A researcher with the University of Kentucky's Sanders-Brown Center on Aging is part of a team who worked to identify genetic variants more accurately in genomic regions known to be involved in disease. In the fields of molecular biology and genetics, a genome is all genetic information for an organism. The basis of the study was that the repetitive nature and complexity of some medically relevant genes pose a challenge to accurately analyze in a clinical setting. The study was recently published in Nature Biotechnology.
"There are many medically relevant genes that are still difficult to accurately resolve for disease diagnosis," Mark Ebbert, Ph.D., assistant professor in the UK College of Medicine. "This new benchmark can help clinical labs and physicians ensure they are identifying genetic variants in these challenging regions."
Ebbert says through their research they identified clear errors in the current human reference genome that is used to identify disease-relevant genetic variants, which prevents clinical labs and physicians from accurately identifying certain variants. They also developed a method to accurately identify variants in these medically relevant genes that increases their ability to identify disease-relevant genetic variants from 8% to 100% (for these genes).
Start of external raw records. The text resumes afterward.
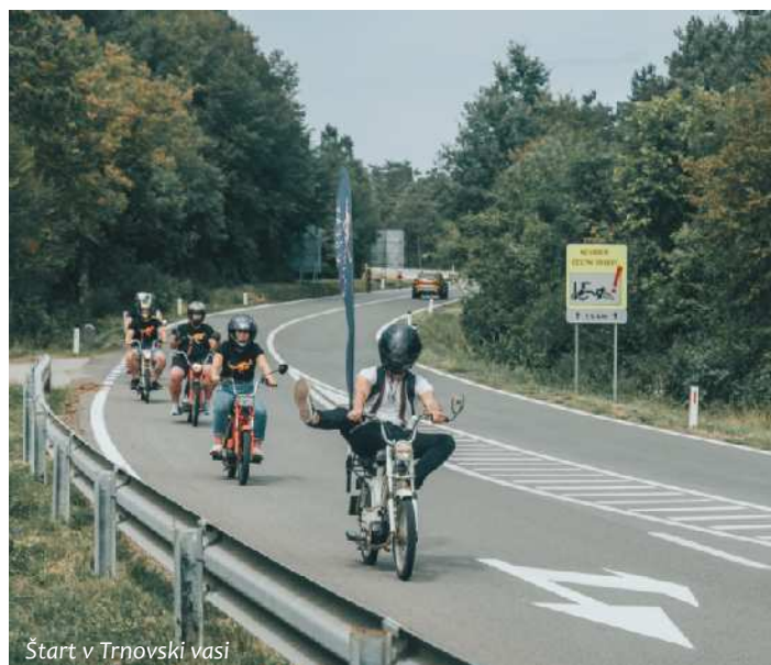
Start v Trnovski vasi

Športno društvo Kenguru je letos priredilo prav posebno popotovanje po Sloveniji, le za najpogumnejše, saj smo se odpravili na 310 km dolgo pot z mopedi Tomos. 3 čebelice in 3 APN-ke smo čez poletje pridno »šraufali« in »glancali«, da so bile 14. avgusta pripravljene na 2-dnevno turo, ki se je zaključila v Kopru, kjer je bila od leta 1954 tovarna motornih koles Tomos. Nedeljsko jutro smo začeli že zgodaj zjutraj in za Kengurujevo zastavo pičili proti Slovenski Bistrici, kjer smo imeli našo prvo postojanko. Vsaka postojanka je bila na približno 25-30 km, s tem pa smo poskrbeli, da se motorji niso pregreli. Že takoj nas je pričakalo prvo popravilo blatnika ter prednje zavore, a nič kar naši dečki ne bi mogli rešiti. Iz Slovenske Bistrice nas je pot peljala v Slovenske Konjice, kjer smo malo pred našim drugim »pit stopom« imeli prvi karambol, ko sem se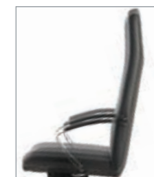
elevación a gas réglage à gaz gas adjustment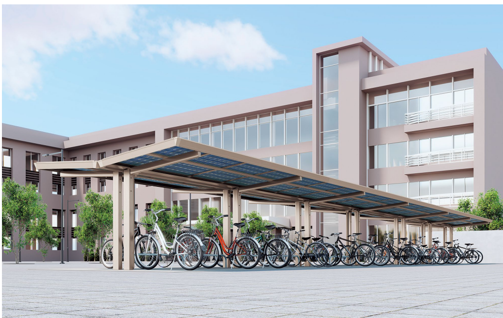
ソリスルーフ駐輪場タイプ

当社では、昨年発売した「駐車場タイプ」や、2026年4月発売の垂直設置型「ソリスパネル」と併せて、発電するエクステリアのトータル提案を推し進めてまいります。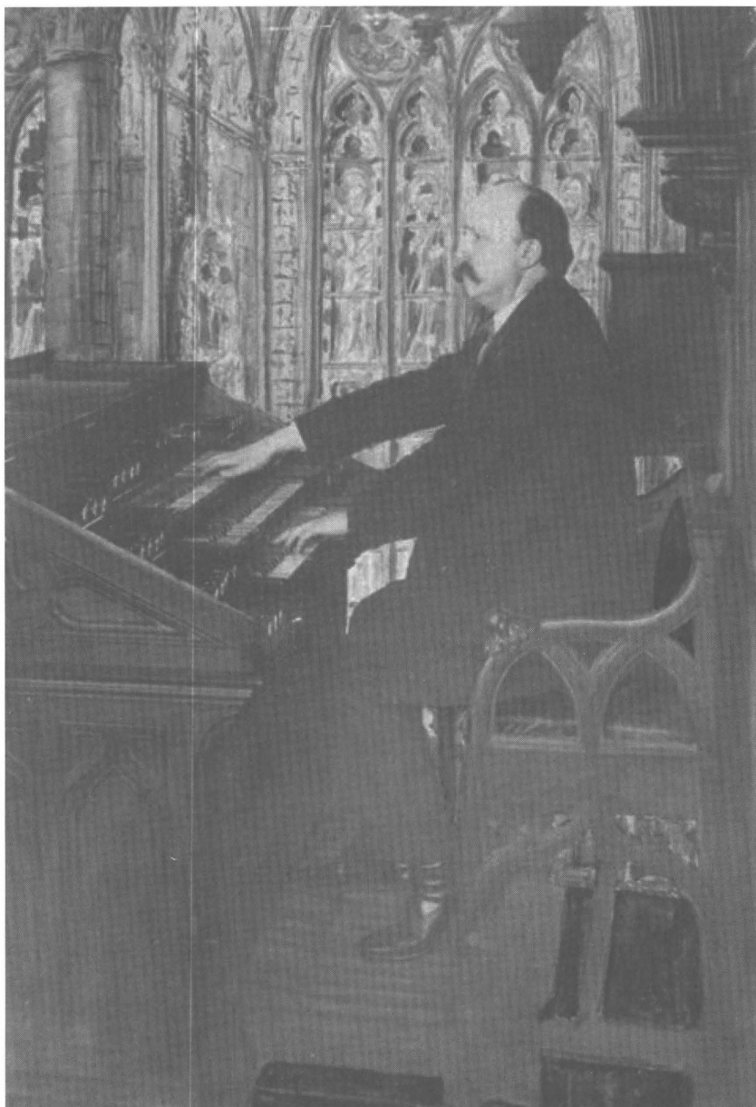
Afb. 5: de jonge organist aan het Cavaillé-Coll orgel in de Gentse Sint-Niklaaskerk.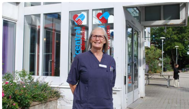
Vårdcentralen har som mål att bli en av Göteborgs bästa vårdcentraler där patienterna ska känna sig trygga.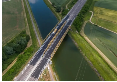
Vue aérienne du viaduc du canal de dérivation de la Saône rénové sur l'A36. L'ouvrage est constitué d'un double tablier mixte de 100 m de long à poutres extradossées de type Warren. Le chantier de réfection de l'étanchéité était soumis à deux contraintes d'exploitation : l'impossibilité de couper la circulation des véhicules sur l'autoroute et des péniches sur le canal.

Sur l'autoroute A36, la réfection de l'étanchéité du viaduc franchissant le canal de dérivation de la Saône a été réalisée en béton fibré à ultra hautes performances (BFUP). Ce matériau très technique, habituellement réservé à des applications structurales, a été préféré aux matériaux et procédés d'étanchéité classiques. Une analyse multicritère tenant compte des spécificités de conception de l'ouvrage et de son environnement a ainsi conduit APRR, exploitant de l'A36, à expérimenter cette solution, inédite en France.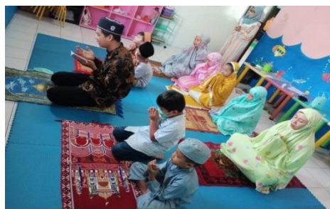
Gambar 5. Kelas Islam

Kedua, kelas Kristen. Pada gambar 4, guru agama menceritakan sebuah kisah tentang Daud dan Goliath dan membimbing anak untuk menghafalkan ayat tertentu. Setelah itu, guru agama mengajak mereka bersama-sama menyanyikan lagu sekolah minggu diiringi oleh alat musik yang dimainkan oleh Ibu CRM selaku salah satu pendamping di kelas tersebut. Anak-anak sangat bersemangat saat diajak bernyanyi. Perlengkapan yang disiapkan oleh guru dalam mendukung pembelajaran diantaranya adalah tanda salib yang diletakkan di papan tulis, Alkitab, dan gitar untuk mengiringi nyanyian.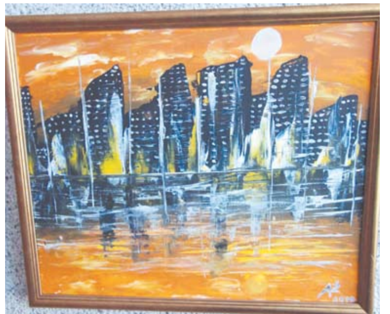
Iš vandenyno išnyrantis miestas.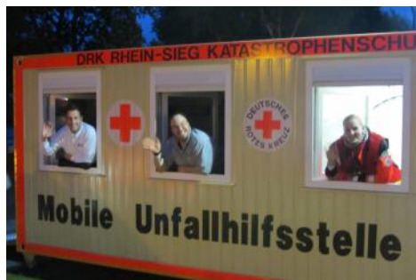
„Spaß“ kommt auch bei uns nie zu kurz !!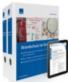
Brandschutz im Betrieb Ladenpreis: 239,80EUR

Wir haben andere Produkte gefunden, die Ihnen gefallen könnten!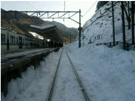
2月20日（木） 9時 芦ヶ久保駅3番線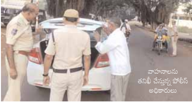
వాహనాలను తనిఖీ చేస్తున్న పోలీస్ అధికారులు

వికారాబాద్ జిల్లా ప్రతినిధి, మేజర్ న్యూస్ (డిసెంబర్ 18) జిల్లా లోని పోలీస్ అధికారులు ప్రతి ఒక్కరు తమ తమ పోలీస్ స్టేషన్ ల పరిధిలో నాఖబంది కార్యక్రమం చేపట్టారు. ఈ సందర్భంగా జిల్లా ఎస్పీ ఎన్.కోటిరెడ్డి మాట్లాడుతూ... నాఖబందిలో పోలీస్ అధికారులు జిల్లాలో మొత్తం 1332ల వాహనాలు సీజ్ చేసినట్లు వారు తెలిపారు. అందులో ద్వి చక్ర వాహనాలు 487, త్రి చక్ర వాహనాలు 188, నాలుగు చక్రాల వాహనాలు 462, ఇతర వాహనాలు 190 ఉన్నాయన్నారు. కావున జిల్లా ప్రజలు ఎల్లప్పుడు పోలీస్ అధికారులకు సహకరించి జిల్లాలో శాంతిభద్రతలు కాపాడుటలో తమ వంతు సహాయసహకారాలు అందించాలని, జిల్లాలో చట్ట వ్యతిరేఖ, అసాంఘిక కార్యకలాపాలను అరికట్టుటకు ఎప్పుడైనా జిల్లాలో నాఖబంది, కార్టెన్ - సర్వీ, వెహికల్ చెకింగ్ మొదలగు కార్యకలాపాలు చేయడం జరుగుతుందన్నారు. జిల్లా ప్రజలు ఇట్టి విషయం పై దృష్టి సరిచి పోలీస్ అధికారులకు సహకరించాలని మనవి అని జిల్లా ఎస్పీ నంద్యాల కోటి రెడ్డి తెలిపారు.

The improvements to this system make it possible to more accurately identify these variants, perhaps providing a clear diagnosis and genetic explanation for some patients that otherwise could not be diagnosed.
"It will absolutely impact patient care and the public," said Ebbert. "Without clear diagnosis and genetic explanation, physicians may not know how to proceed with treatment, and patients are left with questions that cannot be answered. This study will help close that gap for more patients."
Research reported in this publication was supported by the National Institute of General Medical Sciences of the National Institutes of Health under Award Number R35GM138636. The content is solely the responsibility of the authors and does not necessarily represent the official views of the National Institutes of Health.